Many modern orthodox synagogues, and many synagogues of other jewish movements, have the israeli flag with the star of David prominently displayed at the front of the synagogues near the ark containing the Torah scrolls. The star of David can be found on the tombstones of religious jews, going back hundreds of years in europe as it became accepted as the universal symbol of the jewish people.
Some researchers have theorized that the star of David represents the astrological chart at the time of David's birth or anointing as king. The star of David is also known as the "King's Star" in astrological circles, and was undoubtedly an important astrological symbol in Zoroastrianism.

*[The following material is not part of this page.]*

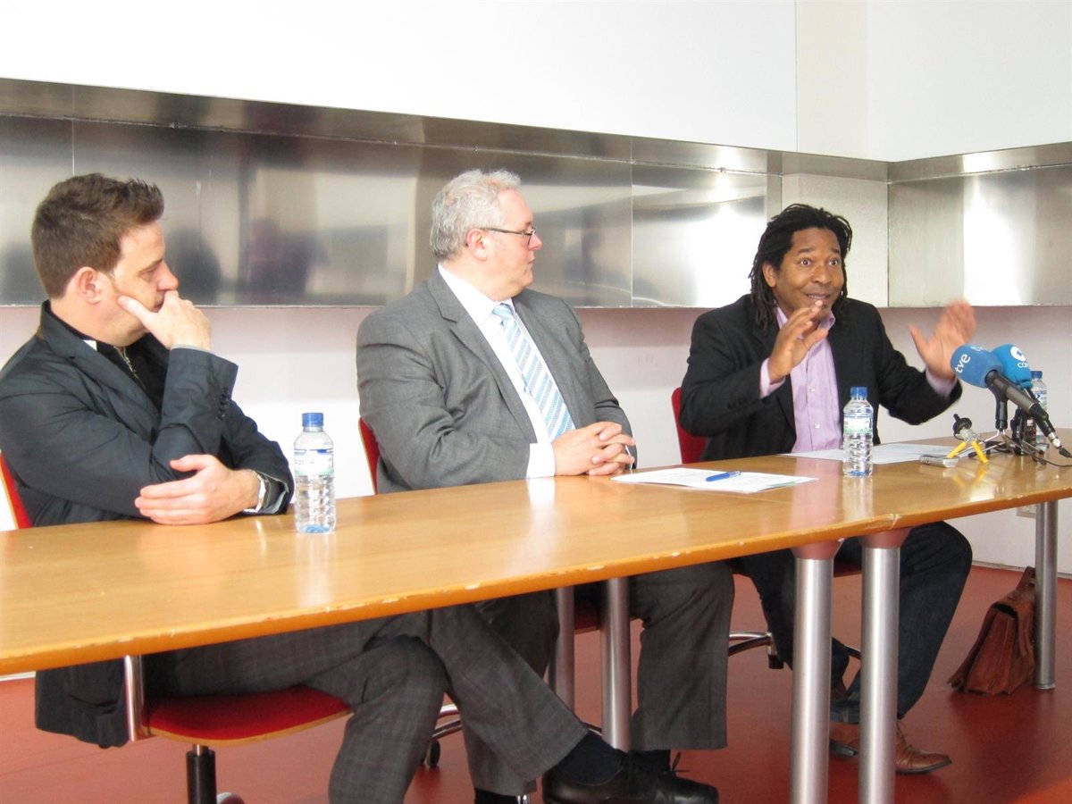 El director general de Promoción Cultural del Gobierno de Extremadura, José Antonio Agúndez, el director titular de la Orquesta, Álvaro Albiach, y el músico de la OEX y promotor de este certamen, Reynold Luis Cárdenas, han presentado esta iniciativa denominada 'Concurso Reynold' que premiará a los equipos ganadores con la interpretación del recital galardonado por parte de la OEx y de los propios chicos.

Prof. Gershom Sholem theorizes that the "star of David" originates in the writings of Aristotle, who used triangles in different positions to indicate the different basic elements. The superposed triangles thus represented combinations of those elements. From Aristotle's writings those symbols made their ways into early, pre-moslem, arab literature. The arabs were very interested in arithmetics, and were also very strongly drawn to occult and demonic tales. In fact, one of the most important personae in early arab literature was king Salomon (Suliman). The Babylonian Talmud contains a legend about king Salomon being kidnapped by Ashmedai, the king of demons. He succeeded in kidnapping the king by stealing his "seal of Salomon" - (arabic - Hattam Soliman), although according to the Talmud this seal was simply a metal coin with hebrew letters meaning the name of God, inscribed on it. It is possible that the seal was altered in the arab tales.
The first apparition of the symbol in jewish scriptures was in oriental kabbalistic writings, so it is possible that it was an alteration of the pentagram under arab influence. Early jewish symbols include the Shofar ("ram's horn"), Lulav ("shoot of palm"), and the seven-branch Menorah ("candelabra"), but no hexagram is found in early jewish symbolism.